[DATA SECTION Boundary: Start]

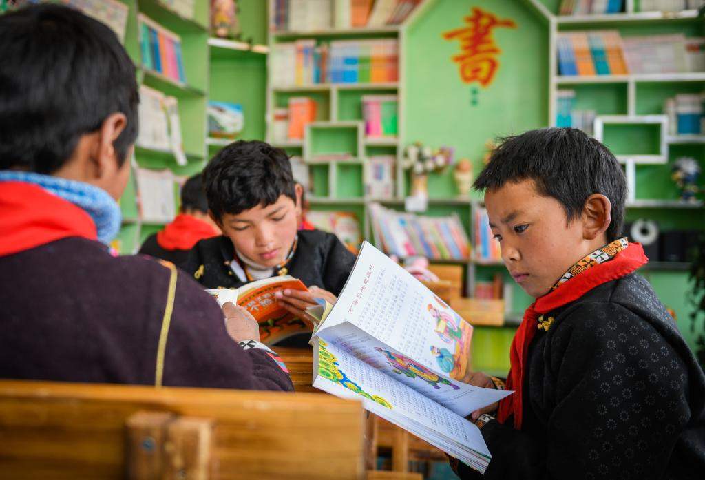 西藏林芝市工布江達縣仲莎鄉(xiāng)中心小學低年級學生在校圖書室內(nèi)閱覽書籍(2018年4月攝)。新華社發(fā)
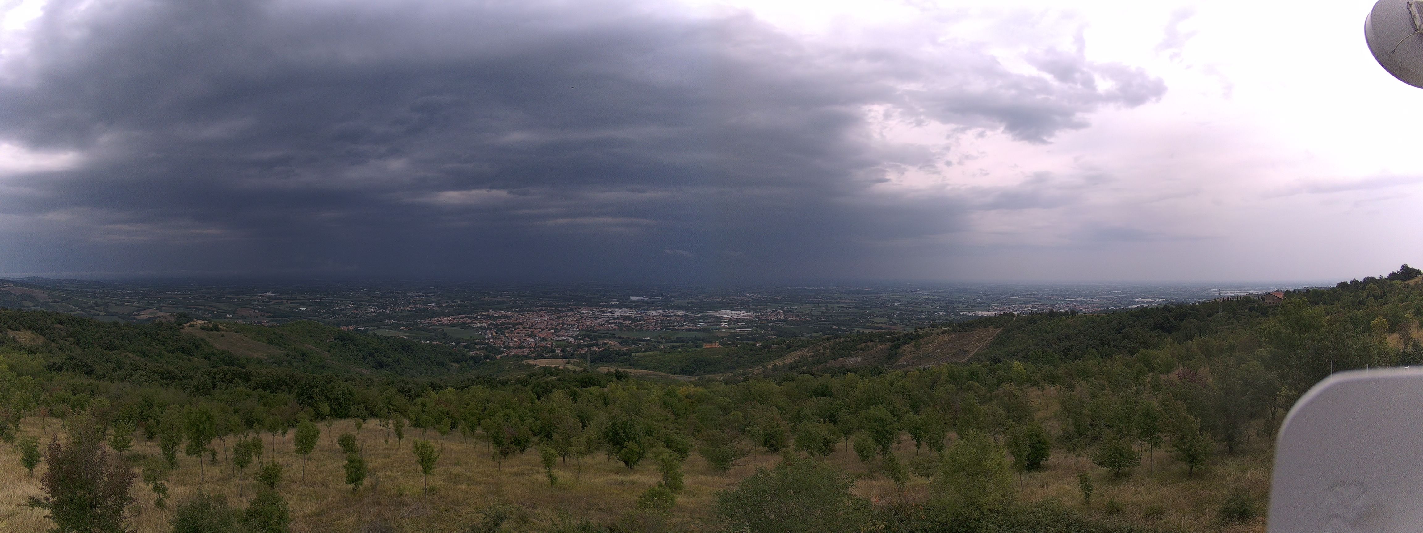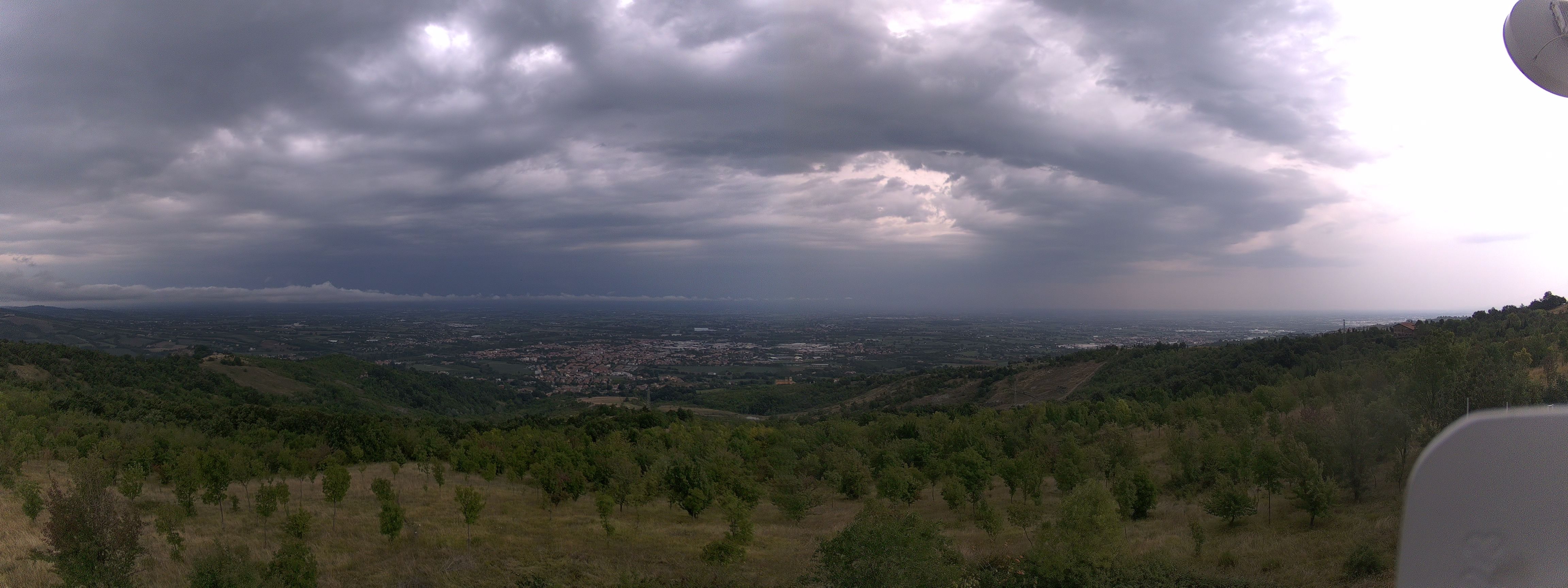 Cielo minaccioso ad ovest, cielo vistosamente segnato da una lunga linea grigia di piogge che si allunga dalla Valle del Taro fino al Po lungo tutta la provincia di Parma. Tuttavia questa linea sconfina nella zona reggiana rivierasca del Po con piogge e forti raffiche di vento. Raffiche che però si stanno estendendo in questi minuti anche alle altre zone fino al comprensorio ceramico.
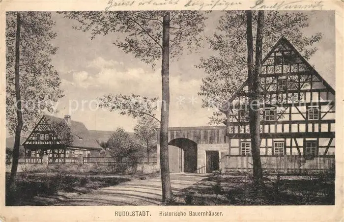 Rudolstadt Historische Bauernhaeuser Fachwerk Rudolstadt postalisch gelaufen 1916 Feldpost Erhaltung siehe scans [FriedD77] Feldpost Frierer
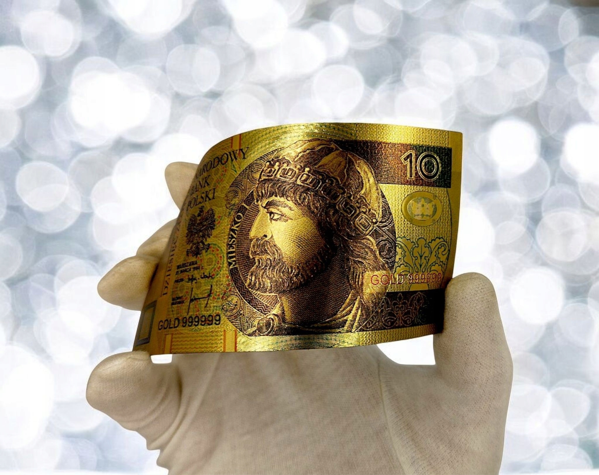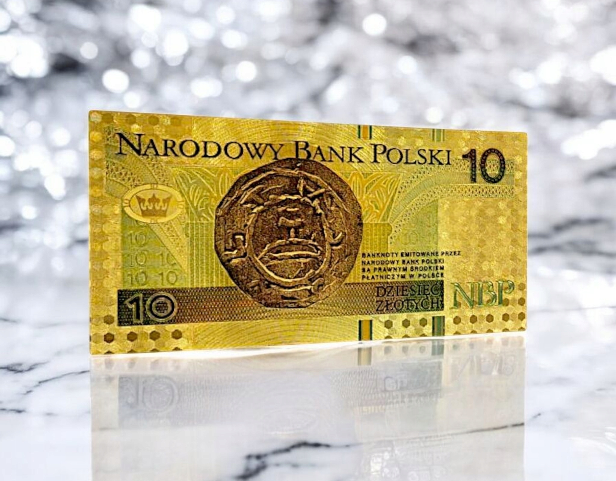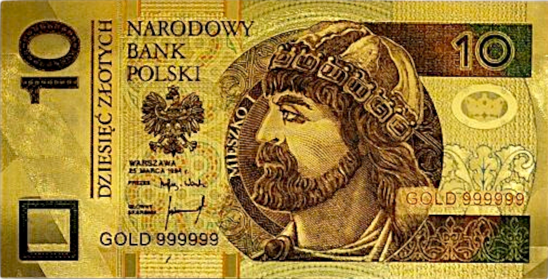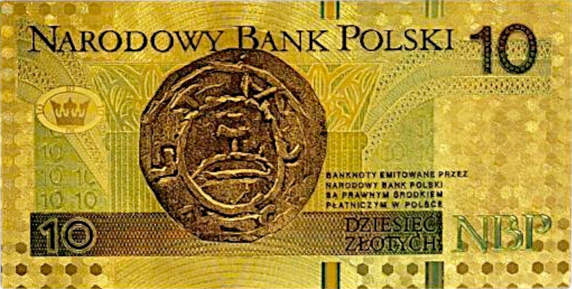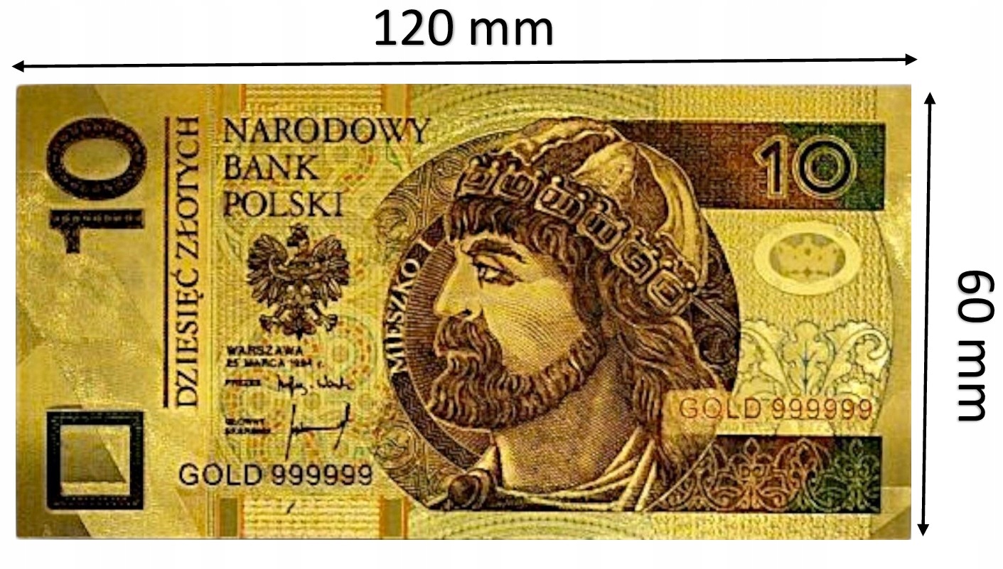 прекрасная копия банкноты польской циркуляции с этой деноминацией из ПВХ и покрытой золотой пленкой.

[DATA SECTION Boundary: End]

Beginning with the line where "Rudolstadt Historische Bauernhaeuser" appears, restate word for word every line down to the last one in the data, but keep the pictures out.

 Rudolstadt Historische Bauernhaeuser Fachwerk Rudolstadt postalisch gelaufen 1916 Feldpost Erhaltung siehe scans [FriedD77] Feldpost Frierer
 прекрасная копия банкноты польской циркуляции с этой деноминацией из ПВХ и покрытой золотой пленкой.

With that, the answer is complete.